Comparison of inhaler use technique based on inhaler type in elderly patients with respiratory disease
Ha Youn Lee, 1, Jin Hwa Song, 2, Ha-Kyeong Won, 2, Yeonkyung Park, 2, Keun Bum Chung, 2, Hyo-Jeong Lim, 2, Young Mee Ahn, 2, Byoung Jun Lee, MD2
1Division of Pulmonary and Critical Care Medicine, Department of Internal Medicine, Serim General Hospital, Incheon, Republic of Korea
2Division of Pulmonary and Critical Care Medicine, Department of Internal Medicine, Veterans Health Service Medical Center, Seoul, Republic of Korea
Correspondence:  Byoung Jun Lee, Tel: +82-2-2225-1387, Fax: +82-2-487-9586, 
Email: byoungjlee@gmail.com
Received: 4 March 2020   • Revised: 6 June 2020   • Accepted: 28 September 2020
Abstract
Background
We aimed to investigate inhaler device handling in elderly patients. Furthermore, we compared inhaler devices with respect to misuse and error correction.
Methods
Inhaler use technique was assessed using standardized checklists at the first and 3-months follow-up visits after retraining.

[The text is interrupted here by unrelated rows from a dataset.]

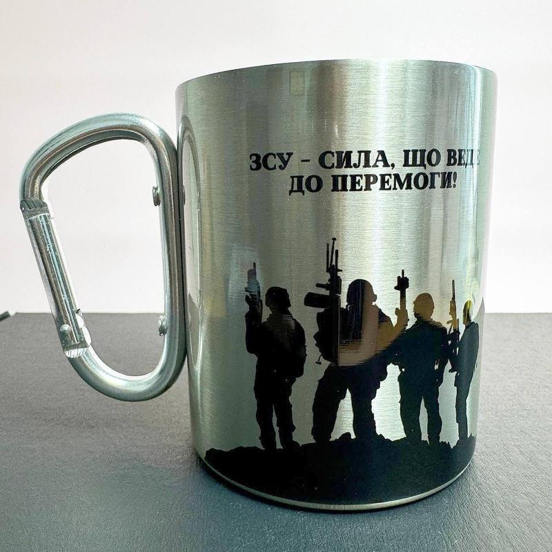 Кружка металева з карабіном "зсу сила що веде до перемоги" 300 мл срібляста|вигідна ціна|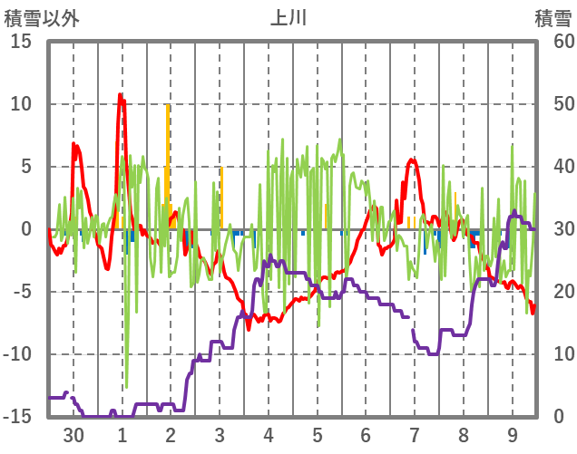 | 日 | 時 | 気温 | 降水 | 風向/風速 | 日照 | 積雪 | 降雪 |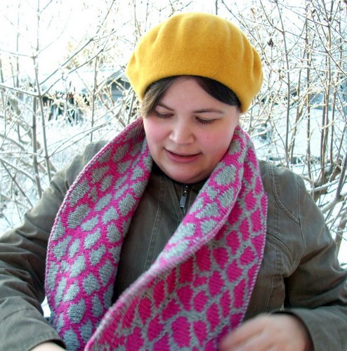 onteloneuleeseen. Ihastuin ideaan kaksipuolisesta neuleesta, jossa eri puolet ovat väreiltään toistensa peilikuvia. Tekniikka

The primary outcome was differences in the acceptable use ratio among inhaler devices. Secondary outcomes included differences in error correction, most common step of misuse, and factors affecting the accuracy of inhaler use.
Results
A total of 251 patients (mean age, 76.4) were included and the handling of 320 devices was assessed in the study. All patients had been trained before, but only 24.7% of them used inhalers correctly. Proportions of acceptable user for Evohaler®, Respimat®, Turbuhaler®, Ellipta®, and Breezhaler®/Handihaler® were 38.7%, 50.0%, 61.4%, 60.8%, and 43.2%, respectively (p=0.026). At the second visit, the acceptable user ratio had increased, and there were no significant differences among inhaler types (Evohaler®, 63.9%; Respimat®, 86.1%; Turbuhaler®, 74.3%; Ellipta®, 64.6%; and Breezhaler®/Handihaler®, 65.3% [p=0.129]). In multivariate analysis, BMI, Turbuhaler®, and Ellipta® showed a positive correlation with the acceptable use of inhalers, whereas the CAT score showed a negative correlation.
Conclusion
New inhalers have been developed, but the accuracy of inhaler use remains low. Elderly patients showed more errors when using pressurized metered-dose inhalers compared to dry powder inhalers and soft mist inhalers. However, there were no differences in misuse among inhaler devices after individual training. The result of this study suggests that repeat training is more important than inhaler type.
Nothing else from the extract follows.